Later, the CarGo founders announce a new way to reach consumers: multilingual talking tattoos.

==Production==
Tracy Morgan was cast for two episodes for this season. He previously played himself in "My Way or the Highway to Heaven". In this episode, he plays a tow truck driver who encounters Homer and Marge.

==Cultural references==
The title is a reference to the Beatles song "Drive My Car"

During the scene where Homer drives recklessly while eating his food, he sings a parody of Jim Croce's "Operator (That's Not the Way It Feels)" about the meal. He also sings another parody of the song during the montage of him test-driving his CarGo vehicle. The scene where Homer binges on the free food at CarGo is framed against an instrumental of "Pure Imagination" from the 1971 film Willy Wonka & the Chocolate Factory.

The Fabergé chicken that Burns shows Smithers is based on the eggs of the same name.
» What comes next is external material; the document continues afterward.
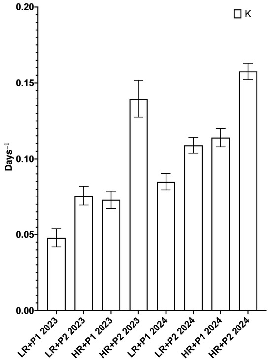 In both the trial years, the k parameter values of the HR + P2 system (0.14 and 0.16 in 2023 and 2024, respectively) were higher compared to HR + P1 (0.07 and 0.11 days−1 in 2023 and 2024, respectively), LR + P2 (0.08 and 0.11 in 2023 and 2024, respectively) and LR + P1 (0.05 and 0.08 in 2023 and 2024, respectively) with an average percentage increase of 72.7, 60.2 and 140.0%, respectively (Figure 8). No difference emerged among HR + P1 and LR + P2, while LR + P1 obtained the lowest values.
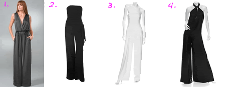1. Robert Rodriguez V-Neck Jumpsuit, $363. 2. Arden B Knit Tube Jumpsuit, $68. 3. Black Halo Strapless Stretch Jumpsuit, $450. 4. Stella McCartney Twill Halter Jumpsuit, $995.

The CarGo logo has the same color scheme as Argo AI's logo.

==Reception==
Tony Sokol of Den of Geek gave the episode 4 out of 5 points ranking, stating the episode is "maybe the closest to a classic 'The Simpsons' have offered in a long time. It is purely episodic. The subtle tweaks at the ruling class are timely, and the struggles at the center of it are universal. It's all about jobs. It's the economy, stupid. 'Baby You Can't Drive My Car' works specifically because the workplace is what we all have in common. Left, right and center, we all line up to earn a paycheck. We all want the perfect job. Many people have to drive to work, so we want the perfect car. Whether we like smoothies or not, we could all agree it would be fun to be able to make them while driving. In a driverless car society, the only thing to worry about is real drivers. This reviewer would like to know what the DWI laws will be, because a lot of cars ride on ethanol and, having drunk ethanol on the advice of Moe the bartender, it can be quite impairing."

Dennis Perkins of The A.V. Club gave the episode a B−, stating that "Homer is the one who gets up in arms about the data-mining, while Marge, swept up in all the good their joint venture is having on their marriage, at first decides that a company secretly stealing every scrap of Spiringfielders’ personal information is an insignificant price to pay. 'I can’t be the ethical one!' protests Homer at one point, and, well, he’s got a point. It’s sweet to see Marge and Homer dancing a graceful waltz in a virtual reality ballroom, and Marge’s anguished excuse that 'we were having so much fun!' is pretty heartbreaking when you think about it. But the conflict just doesn’t land, and when Marge (horrified that CarGo plans to extend the listening-in to the cars’ key fob—even in the powder room) finally decides to help Smithers, Burns, and Homer’s sabotage, it’s too thin a motivation."

Michael Vargas of The Game of Nerds liked the commentary of self-driving cars and the concept of computers listening to conversations. He liked the jokes but did not find it "laugh out loud funny."

Screen Rant named this episode as the best one of the thirtieth season.

"Baby You Can't Drive My Car" scored a 1.9 rating with a 7 share and was watched by 5.08 million people, making The Simpsons Fox's highest rated show of the night.